Are you afraid of the dark matter? European Southern Observatory, CC BY
In 1980, Walter Alvarez and his group at the University of California, Berkeley, discovered a thin layer of clay in the geologic record, which contained an unexpected amount of the rare element iridium.
They proposed that the iridium-rich layer was evidence of a massive comet hitting the Earth 66 million years ago, at the time of the extinction of the dinosaurs. The Alvarez group suggested that the global iridium-rich layer formed as fallout from an intense dust cloud caused by the impact. The cloud of dust covered the Earth, producing darkness and cold. In 1990, the large 100-mile diameter crater from the impact was found in Mexico’s Yucatan Peninsula.
Why do these extinctions and impacts appear to happen within an underlying cycle? The answer may lie in our position in the Milky Way Galaxy.

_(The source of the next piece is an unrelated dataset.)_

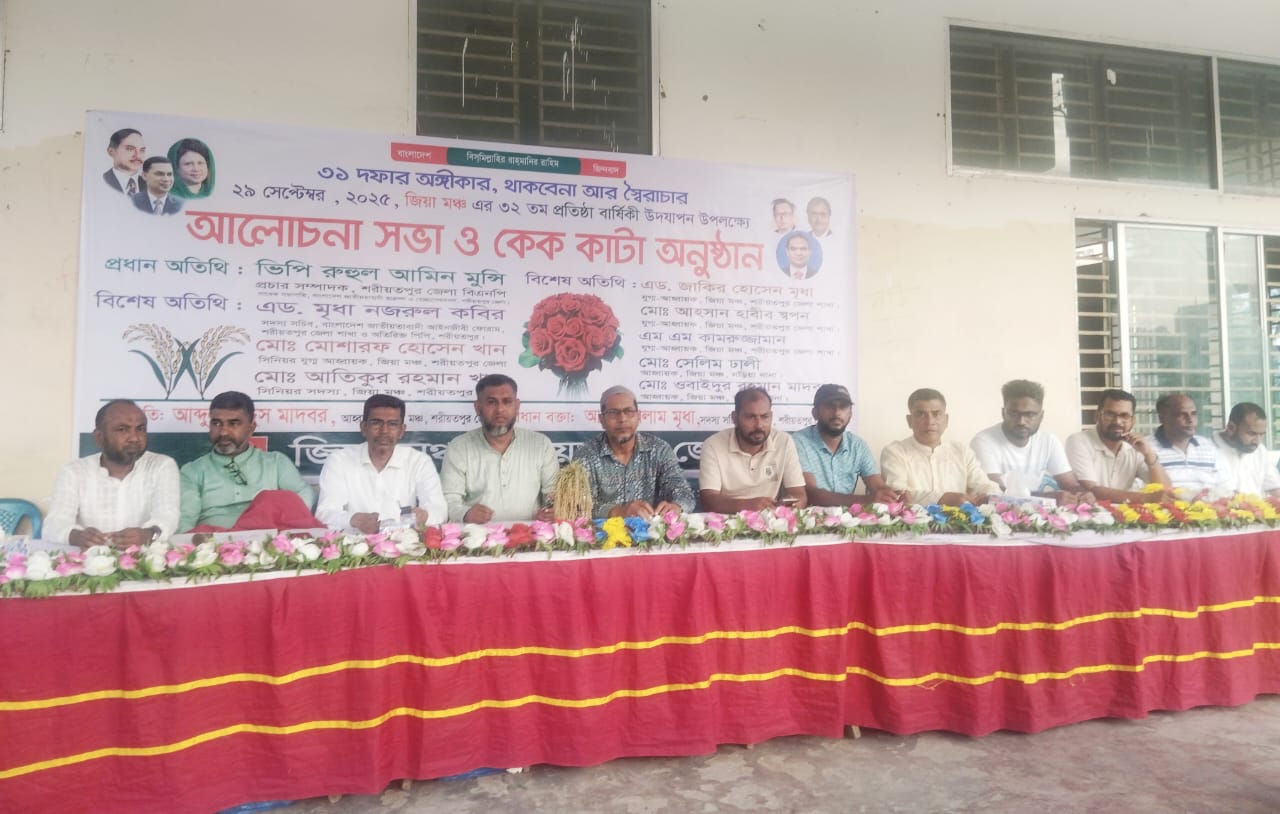 "৩১ দফার অঙ্গীকার, থাকবেনা আর স্বৈরাচার" এই শ্লোগানে শরীয়তপুরে জিয়া মঞ্চের ৩২তম প্রতিষ্ঠাবার্ষিকী পালিত হয়েছে। এউপলক্ষ্যে সোমবার (২৯ সেপ্টেম্বর ২০২৫) বিকালে শরীয়তপুর পৌরসভার হলরুমের সামনে আলোচনা সভা ও কেককাটা অনুষ্ঠানের আয়োজন করা হয়।

Recognition of this 30-million-year galactic cycle is the key to understanding why extinctions happen on a regular schedule. But it may also explain other geologic phenomena as well. In further studies, we found that a number of geological events, including pulses of volcanic eruptions, mountain building, magnetic field reversals, climate and major changes in sea level show a similar 30 million year cycle. Could this also be related to the way our solar system travels through the Galaxy?
A possible cause of the geological activity may be interactions of the Earth with dark matter in the Galaxy. Dark matter, which has never been seen, is most likely composed of tiny subatomic particles that reveal their presence solely by their gravitational pull.
As the Earth passes through the Galaxy’s disc, it will encounter dense clumps of dark matter. The dark matter particles can be captured by the Earth and can build up in the Earth’s core. If the dark matter density is great enough, the dark matter particles eventually annihilate one another, which adds a large amount of internal heat to the Earth that can drive global pulses of geologic activity.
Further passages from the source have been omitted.